Monday, July 7, 2008
Teamwork Takes Trust
In the past 15 years, the use of team structures has exploded across the organizational world, and teams have largely become the basic organizational unit. However, people use both “team” and “teamwork” loosely, and I've seen all nature of groups referred to as teams. With that in mind, let's say that a team means a group of individuals, bound by mutual direction and common goals, who interact interdependently to accomplish work, action and results. Using that definition, we might argue that the fire world is one place where the word team has been used accurately.
A 1993 survey by the American Society for Quality Control and the Gallup Organization found that more than 80% of the people surveyed reported participating in some form of team activity and that two-thirds of full-time employees indicated that they had played a part in some kind of team activity. Obviously, teams have become important parts of organizations. All indicators suggest that teams and teamwork will remain a critically important organizational concept in the foreseeable future, and research shows that organizations improve when they employ teams effectively.
In fact, many organizations rely on teaming as a key to their productivity and credit their use of teams with performance improvements such as increased efficiency, improved participation and innovation, error reduction, quality improvement, increased responsiveness, cost-effectiveness, better customer service, and improved employee satisfaction. In addition, organizations of all types are now turning to an even more flexible organizational form to structure their operations, the “virtual team.”
In their book Virtual Teams, noted teaming experts Jessica Lipnack and Jeffrey Stamps define a virtual team as “a group of people who work interdependently with a shared purpose across space, time, and organization boundaries using technology.” Advantages attributed to virtual teaming include the ability to recruit talent without location constraints, enable employee flexibility and work — life balance, reduce the negative effects of commuting, and shrink infrastructure and utility costs. Virtual teaming advocates also cite improved cross-functionality, interorganizational interaction, and the capacity to assemble an organization's most qualified personnel to tackle a task without relocation or extensive travel as benefits of this flexible structure. In light of growing targets, downsizing pressures, and nontraditional work arrangements such as telecommuting and virtual offices, virtual teaming holds a lot of promise for fire agencies.

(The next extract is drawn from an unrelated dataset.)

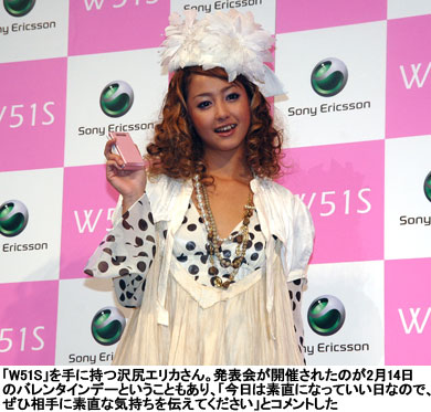 ソニー・エリクソン・モバイルコミュニケーションズは2月14日、au(KDDI)に供給する第3世代(3G)携帯電話「W51S」の新CM発表会を開催した。発表会にはソニー・エリクソンの久保田幸雄社長をはじめ、CMキャラクターに起用された女優の沢尻エリカさんも登場した。

Despite the many advantages attributed to teaming, the concept is not without its challenges. Trust has emerged as an issue central to successful teaming. Successful teams must establish and maintain trusting interpersonal relationships if they are to function effectively and succeed. Trust may be thought of as individual's expression of confidence or optimistic expectation in the intentions and motives of others.
A person trusts a group when he or she believes that group members make good-faith efforts to stick to their commitments, are honest in their negotiations, and don't take advantage of one another even when the opportunity presents itself. At the bottom line, trust represents an act of faith, a willingness to take a risk that another person will prove worthy of one's confidence. Team members must know that everyone will fulfill obligations and behave in a consistent and predictable manner. Experience in many organizations shows that successful teams focus specifically on building relationships to increase trust, and that unsuccessful teams do not.

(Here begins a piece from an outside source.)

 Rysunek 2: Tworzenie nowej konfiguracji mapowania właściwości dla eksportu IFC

Trust develops through frequent and meaningful interaction. In the team environment, trust builds as team members experience the team's competency and integrity. When team members demonstrate those attributes, they prove themselves trustworthy. Trust deepens as members continue to experience the competency and integrity of the team and as they experience their expectations being met by other members. In other words, their level of trust in their team members increases. Teaming scholars contend that work teams rely on visual, verbal and non-verbal communication clues to gain insight into each other's intentions in the workplace, and organizational experts view these opportunities as sources of trust-based relationships between organizational members. There exists broad agreement among researchers that relationship-building occurs best in a face-to-face context, and that frequent and meaningful interaction allows a deeper kind of relationship to develop.
For virtual teams, the fundamental issue remains how a team establishes and maintains trust in an environment based on interaction that is not face to face. How can we grow trust when our interaction is via voice mail and e-mail? A virtual organization, because of the separation of members and reliance on communications technology, adds a degree of complexity that conventional teams do not experience. Some teaming scholars have even asserted that virtual organizations restrict or even obstruct the development of trust because they lack the opportunities for frequent and meaningful interaction, particularly the informal and spontaneous opportunities for relationship-building that members of conventional, co-located teams experience during the workday.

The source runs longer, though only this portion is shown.